Partindo desse pressuposto, o objetivo principal deste estudo foi analisar a influência do regime hídrico na composição de elementos minerais em sedimentos e folhas, bem como na constituição físico-química da rizosfera dos bosques onde dominam as arbóreas Avicennia germinans, Laguncularia racemosa e Rhizophora mangle no estuário do rio Mucuri-BA.  

 

Material e métodos

Caracterização da área e do ambiente

O manguezal do rio Mucuri, localizado ao sul do estado da Bahia no município de Mucuri (18º06'00"S e 39º33'30"W), é constituído pelas espécies Avicennia germinans (L.) Stearn., Avicennia schaueriana Staft & Leechm., Laguncularia racemosa (L.) Gaertn. e Rhizophora mangle L.; além das espécies associadas Acrostichum aureum L. e Hibiscus pernambucensis Arruda. (CEPEMAR 1996). O clima da região é tropical úmido e o estuário está sob o regime micromareal, com marés semidiurnas. No período estudado, a média das marés foi de 0,7 m (Diretoria de Hidrografia e Navegação, Ministério da Marinha). As espécies estudadas no presente trabalho foram Avicennia germinans (L.) Stearn., Laguncularia racemosa (L.) Gaertn. e Rhizophora mangle L.

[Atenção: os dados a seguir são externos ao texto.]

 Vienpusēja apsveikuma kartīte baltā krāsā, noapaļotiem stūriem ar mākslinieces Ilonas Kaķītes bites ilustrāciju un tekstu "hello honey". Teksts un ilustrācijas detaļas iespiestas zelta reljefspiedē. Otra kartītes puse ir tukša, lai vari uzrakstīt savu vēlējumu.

Essas três espécies formam agrupamentos ou florestas mistas em determinadas áreas e homogêneos, ou florestas monoespecíficas em outras, destacando-se sempre uma espécie de domínio. Nas áreas homogêneas, Laguncularia racemosa e Rhizophora mangle ocupam a parte inferior do estuário, sob maior influência das marés, e Avicennia germinans restringindo-se a locais próximos à parte superior do estuário (CEPEMAR 1996). Com base nas características fisiográficas desenvolvidas por Lugo & Snedaker (1974) e reagrupadas por Cintrón et al. (1985), os bosques analisados são do tipo ribeirinho e de bacia, e de formação monoespecífica.

Bosques ribeirinhos são aqueles que se desenvolvem nas margens dos rios e que devido ao fluxo de água rica em nutrientes (descarga de água doce e marés) apresentam elevado porte. Os bosques de bacia se estabelecem nas partes mais internas dos bosques ribeirinhos (Cintrón et al. 1985).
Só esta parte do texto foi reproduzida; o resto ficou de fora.